* _Record excerpts_

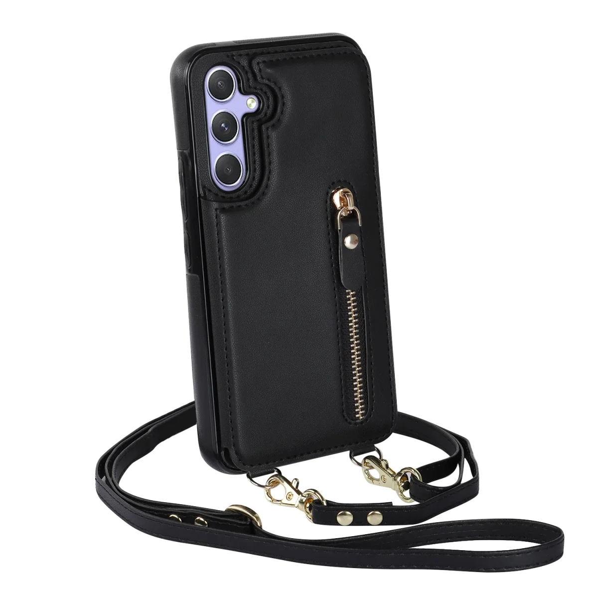 Aan de achterzijde vind je een slim weggewerkt opbergvak met ritssluiting, waarin je veilig pasjes en briefgeld kunt bewaren. De hoes wordt bovendien geleverd met een afneembaar crossbody telefoonkoord, zodat je jouw toestel comfortabel om je schouder of nek kunt dragen – ideaal tijdens reizen, shoppen of drukke dagen.
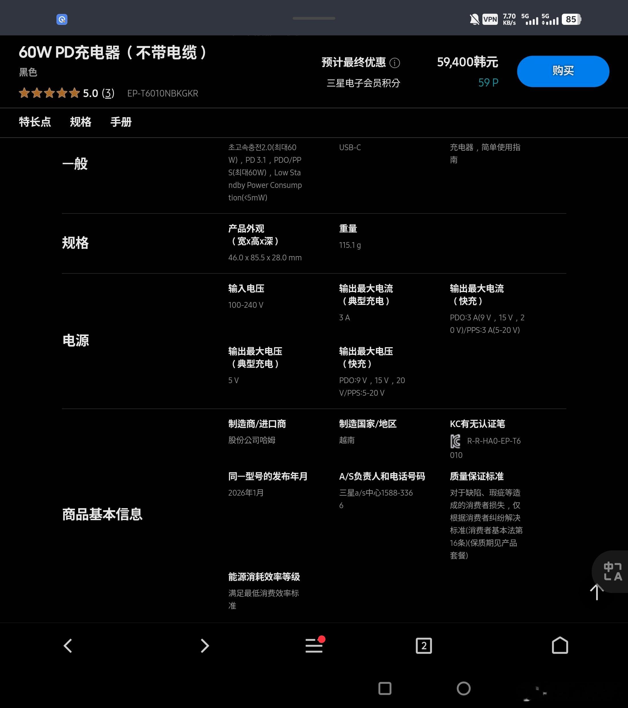 穿插一下最新的60W充电头T6010【不含线】目前韩国官网更新出来
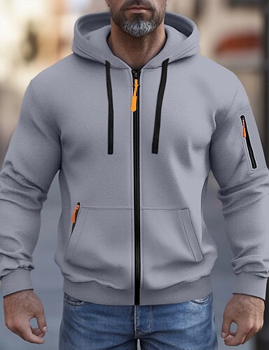 Bărbați Hanorac cu Glugă Hanorac cu fermoar complet Negru Bleumarin Kaki Gri Deschis Capișon Simplu Cordon Buzunar Sporturi & Exterior Zilnic Concediu Poliester Șic Stradă De Bază Casual Toamnă Iarnă
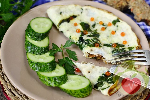 Омлет получается пышным и мягким. При подаче обильно посыпьте свежей зеленью.
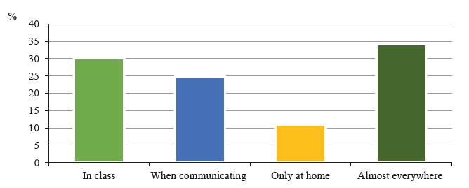The question “How often do you use the style of online literature?” and “Where do you mainly use it?” allows us to see how much literary value has been preserved. The quality of online novels is a matter of controversy, since many online texts are illiterate, and their authors do not have editors or proofreaders [19]. The eclectic writing style and terminology is misleading for high school students’ written expression. The difference between network literature and traditional literature lies in its freedom. The entry barriers for online novels are extremely low at this stage, resulting in a mix of good and bad novels. The writing forms of many works do not correspond to the routine. Although the overly casual style of writing has a lively and avant-garde touch, it also loses its literary value. Some writers have limited skill or neglect to express common sentences in traditional literature. It’s best to split a sentence into several sentences to describe it, or write half a sentence and let readers get the rest of the meaning. Some authors, in order to emulate the long sentences of some famous writers, continue the sentence where it should be interrupted, and there is no punctuation mark in several lines, but readers believe that this is a new way of speaking [20; 21].
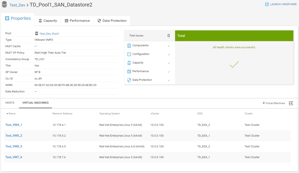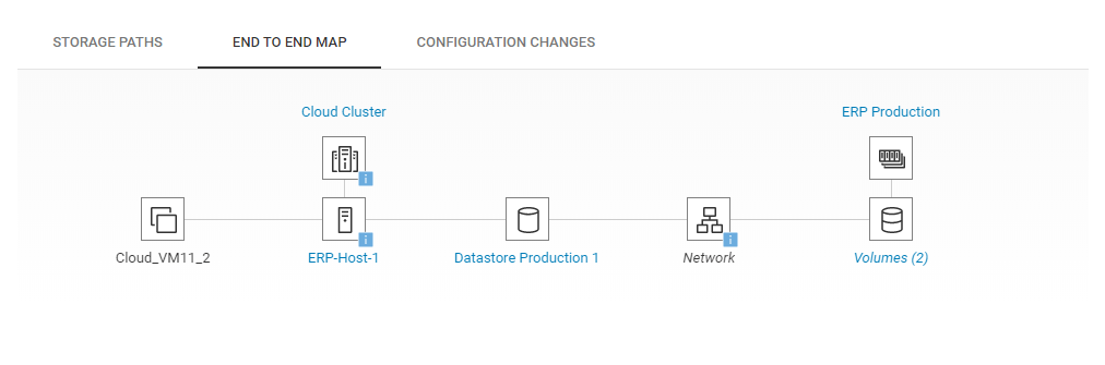 Customers who have tried to deploy monitoring tools understand that it’s very difficult to get the application/virtual machine footprint map in the data center. Usually this is very useful if you want to understand all the dependent infrastructure components which you application touches in the virtualization stack. CloudIQ gives you out of box functionality to provide virtual machine end-to-end map — from Virtual machine to storage volumes/LUNs
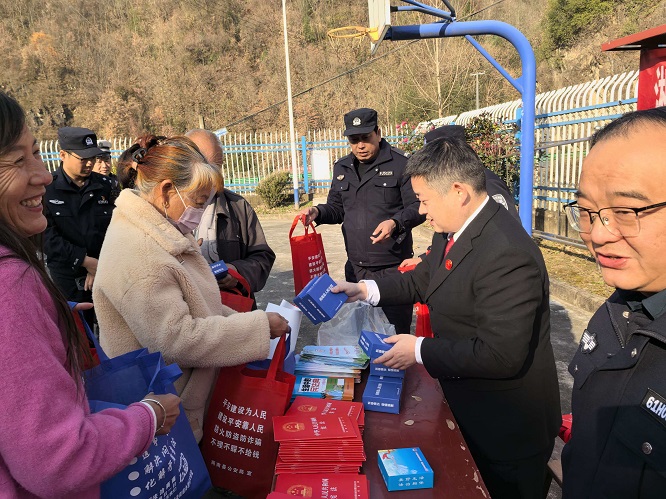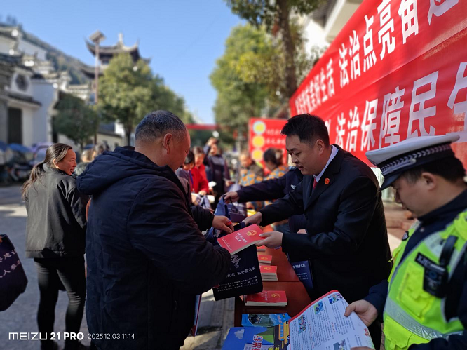 清晨的商南县政府广场,红色横幅迎风招展,法治展板整齐排列。民事审判庭、刑事审判庭、立案庭的干警们早早搭起讲台,将《中华人民共和国宪法》读本、法治宣传手册等资料整齐摆放。"宪法不是冰冷的条文,而是守护大家合法权益的'权利保障书'。"干警们用通俗易懂的方言,结合婚姻家庭、邻里纠纷等典型案例,向过往群众解读宪法的规定、原则及精神,重点宣讲习近平法治思想和党的二十届四中全会关于法治建设的部署要求。
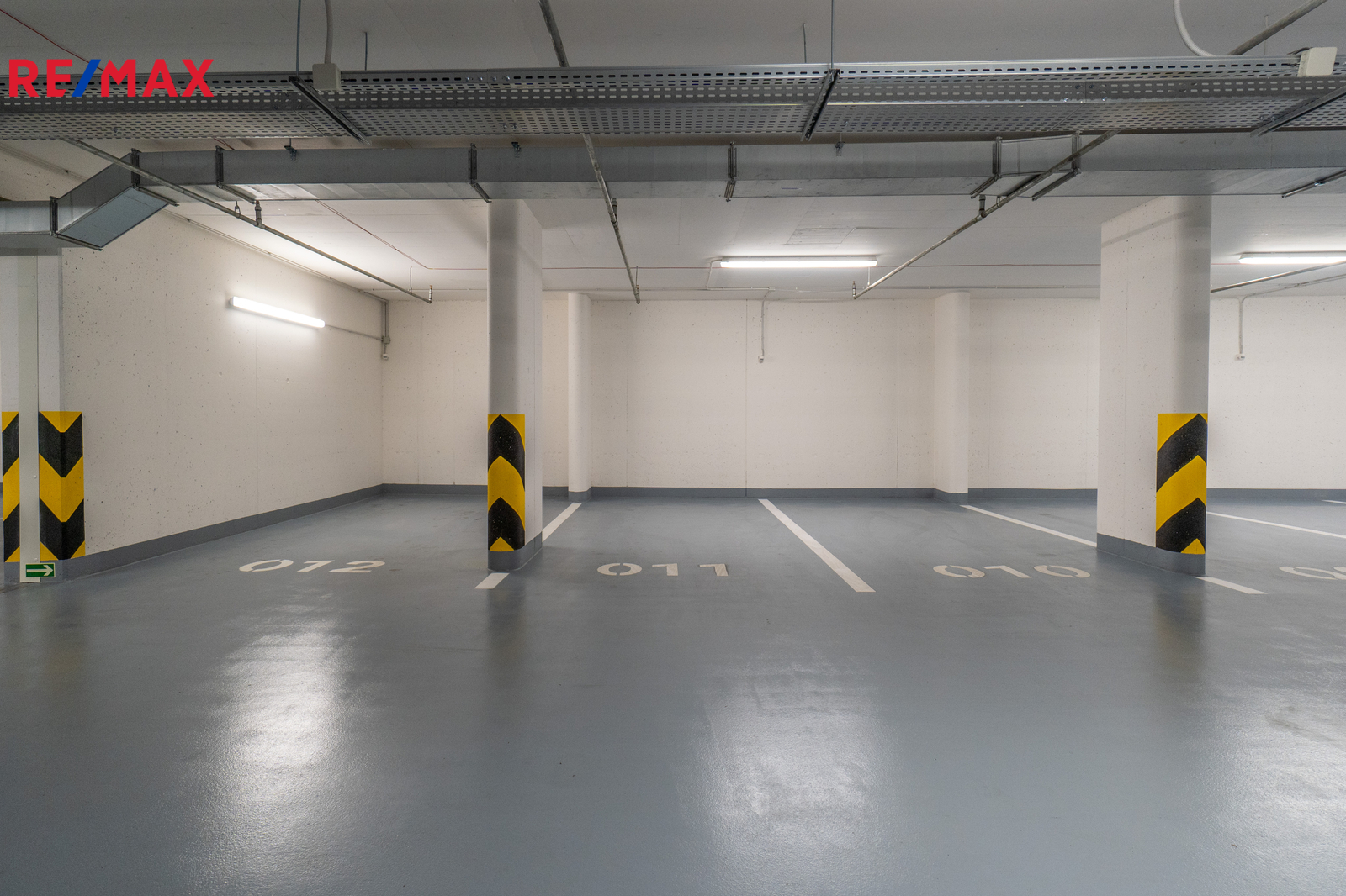 Parkování a úložné prostory: V ceně nájmu je samostatné garážové stání. K bytu náleží sklepní kóje 2 m².
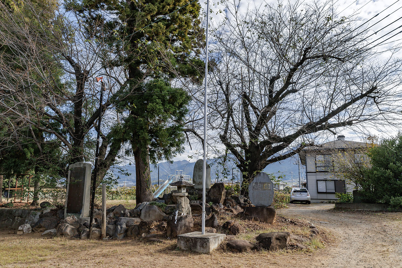 御膳水2025.11.30 陵墓探訪記 御膳水 ごぜんすい 上記地図が正常に表示されない場合 山梨県甲州市勝沼町等々力(とどろき)1571 諏訪神社 JR 勝沼ぶどう郷駅下車 徒歩40分 2025.10.29訪問 諏訪神社の拝殿右手前に「御膳水」碑があります。 1880年(明治13年)6月19日、勝沼学校にて昼食休憩。 諏訪神社拝殿 諏訪神社の大ケヤキ
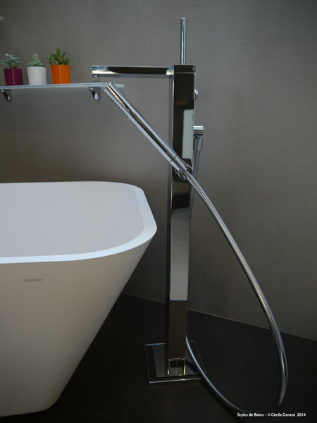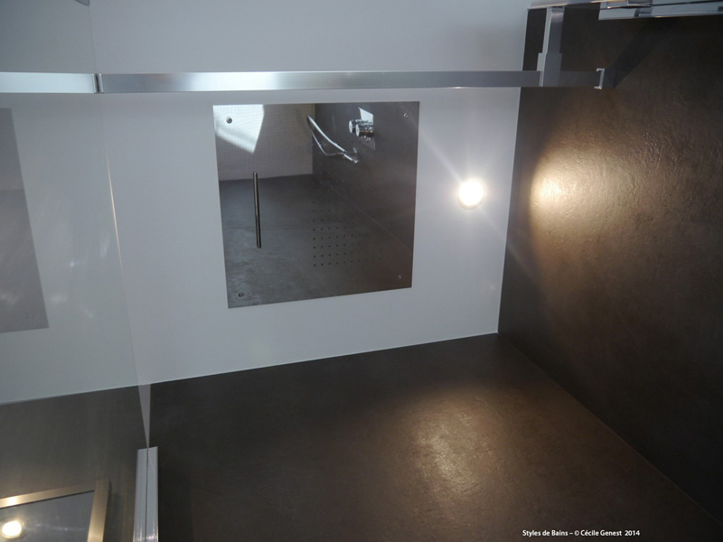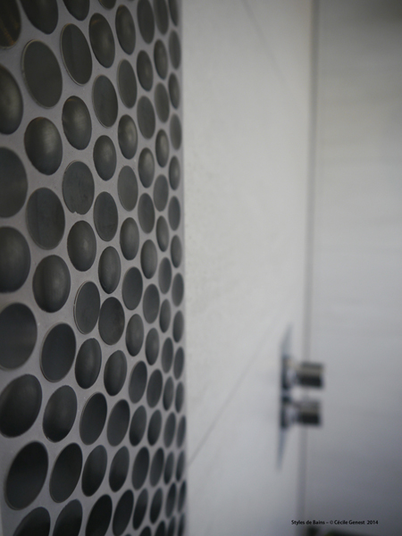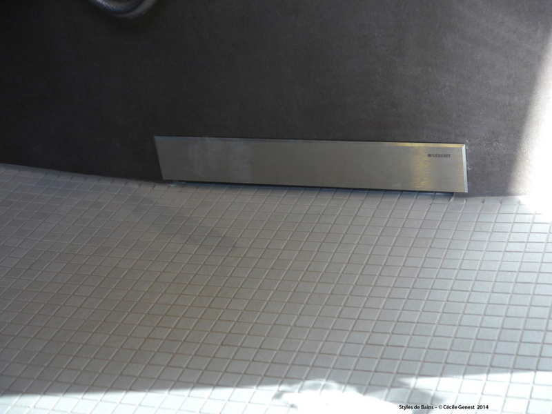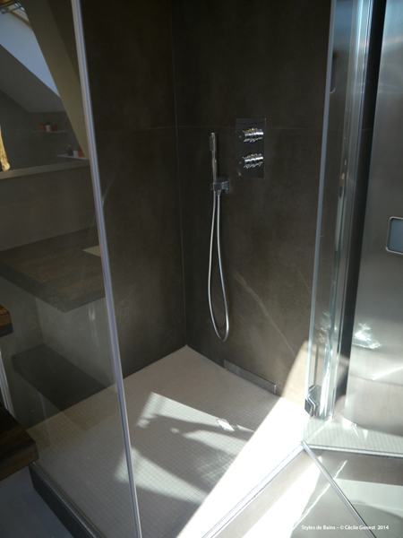 carrelage faible épaisseur XXL (120x120) au sol et aux murs, une douche de tête encastrée 2 jets (cascade & pluie) Nobilis, et une douche à l'italienne avec évacuation murale Geberit, enfin, une belle baignoire ilot en résine Hidrobox Alfa posée sur une estrade avec robinetterie sur pied Modul de chez Cristina. |
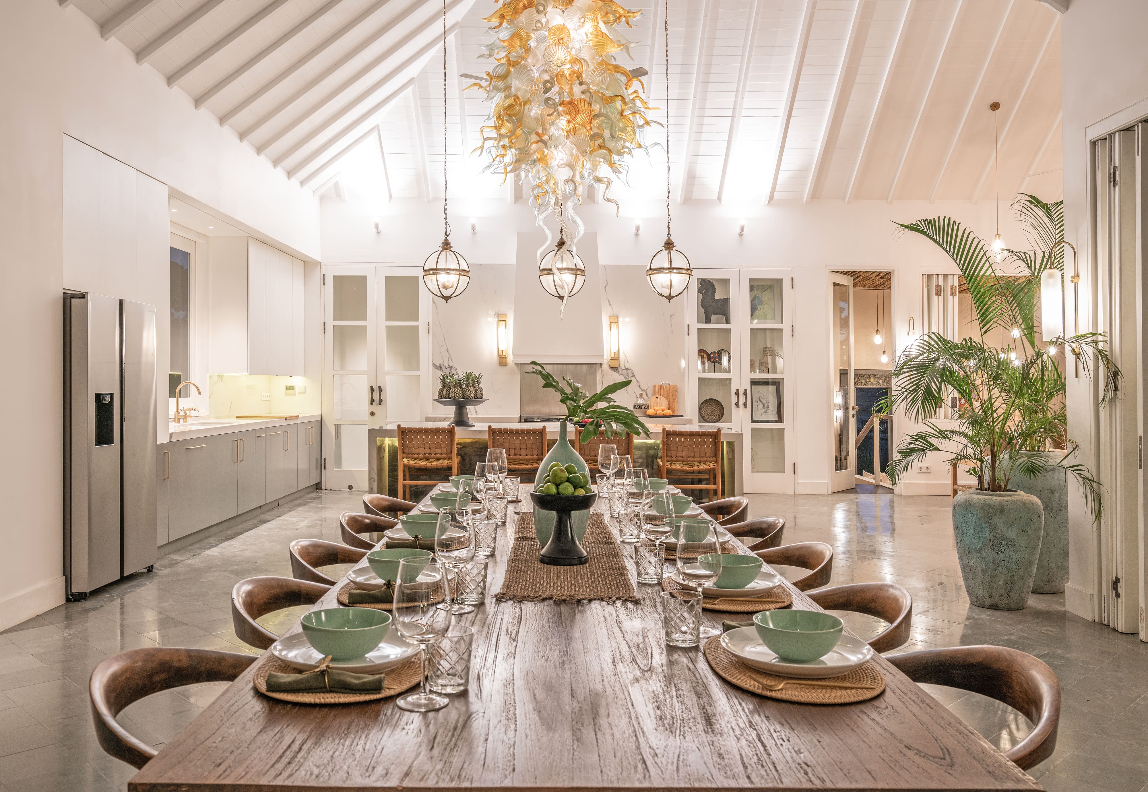 The villa’s interiors are a harmonious blend of traditional Balinese architecture and contemporary design. Each of the seven bedrooms is a sanctuary of comfort, featuring en-suite bathrooms and designed with intricate local artwork and materials. The spacious living area, bathed in natural light, is perfect for relaxation or entertainment, while the commercial-grade kitchen is a culinary enthusiast’s dream, staffed by four top-tier chefs ready to create a five-star dining experience.

* _What the task requires_
Up in the listing, locate the line with "穿插一下最新的60W充电头T6010【不含线】目前韩国官网更新出来"; print it and every line after it down to the line with "Омлет получается пышным", which is included too. Skip the pictures.

* _Response area_
 穿插一下最新的60W充电头T6010【不含线】目前韩国官网更新出来
 Bărbați Hanorac cu Glugă Hanorac cu fermoar complet Negru Bleumarin Kaki Gri Deschis Capișon Simplu Cordon Buzunar Sporturi & Exterior Zilnic Concediu Poliester Șic Stradă De Bază Casual Toamnă Iarnă
 Омлет получается пышным и мягким. При подаче обильно посыпьте свежей зеленью.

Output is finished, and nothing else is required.